- Provided material
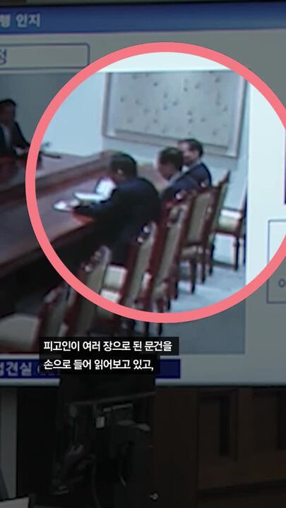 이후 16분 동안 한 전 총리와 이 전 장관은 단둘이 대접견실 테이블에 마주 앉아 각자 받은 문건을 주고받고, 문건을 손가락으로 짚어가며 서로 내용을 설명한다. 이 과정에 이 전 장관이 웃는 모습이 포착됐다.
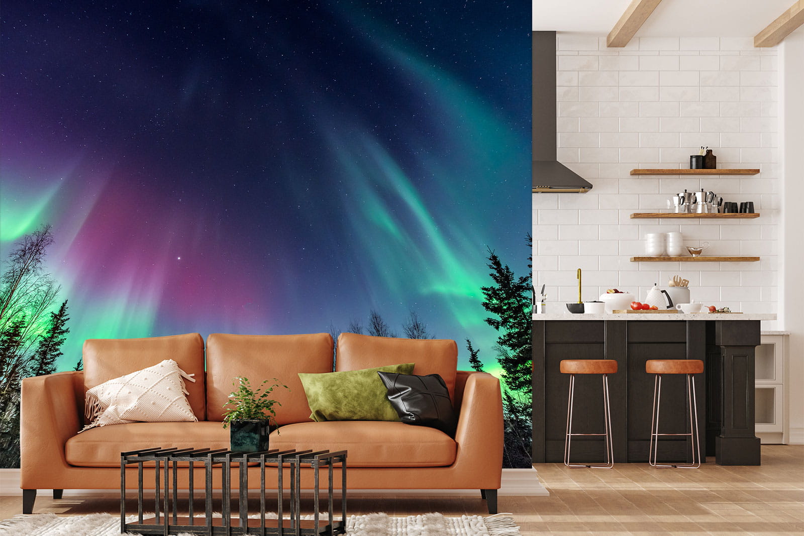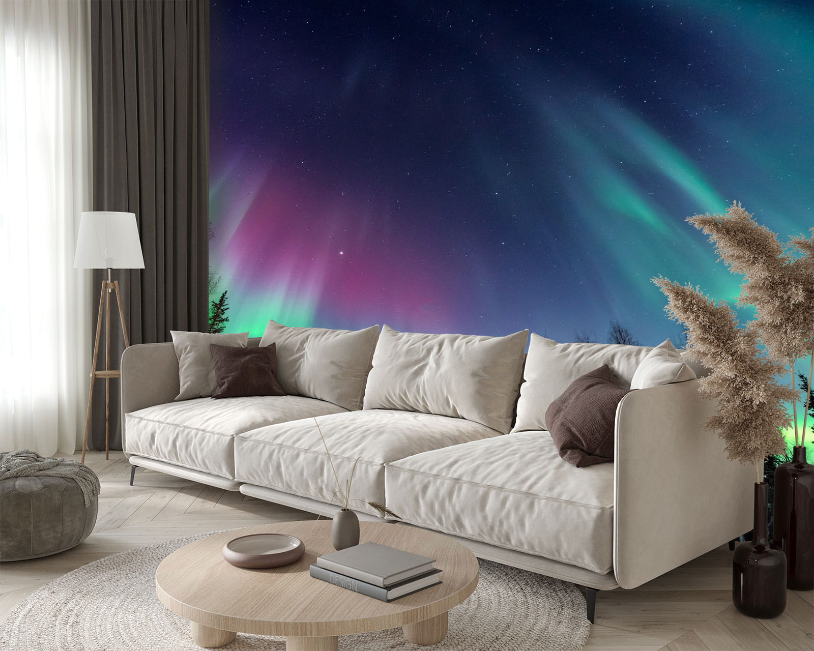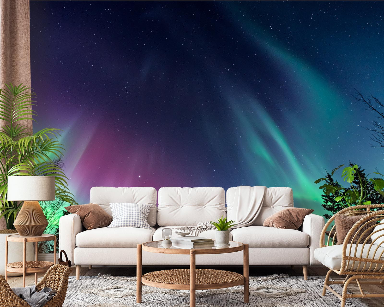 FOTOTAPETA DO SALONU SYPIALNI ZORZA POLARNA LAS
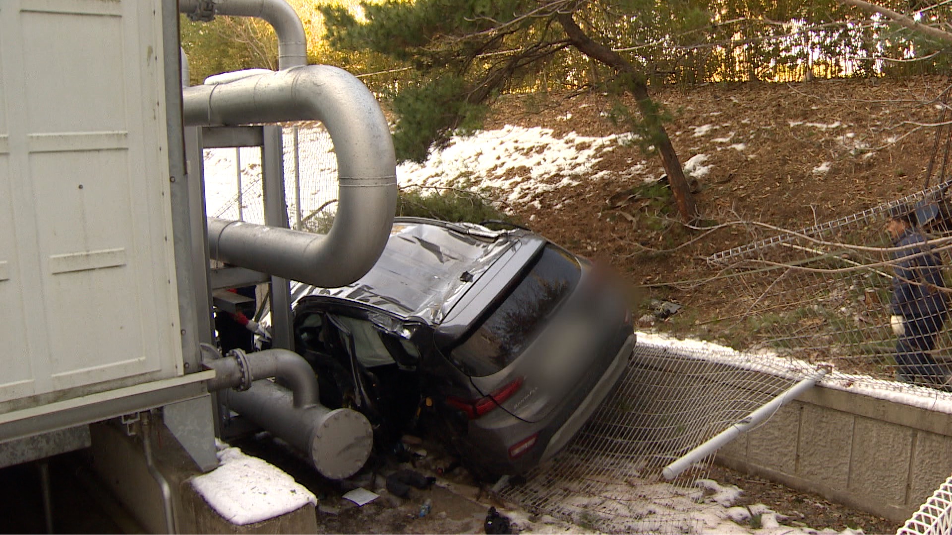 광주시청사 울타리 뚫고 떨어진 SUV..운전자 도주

- Exercise
Each line above gets copied exactly; leave the pictures out.

- Task answer
 이후 16분 동안 한 전 총리와 이 전 장관은 단둘이 대접견실 테이블에 마주 앉아 각자 받은 문건을 주고받고, 문건을 손가락으로 짚어가며 서로 내용을 설명한다. 이 과정에 이 전 장관이 웃는 모습이 포착됐다.
 FOTOTAPETA DO SALONU SYPIALNI ZORZA POLARNA LAS
 광주시청사 울타리 뚫고 떨어진 SUV..운전자 도주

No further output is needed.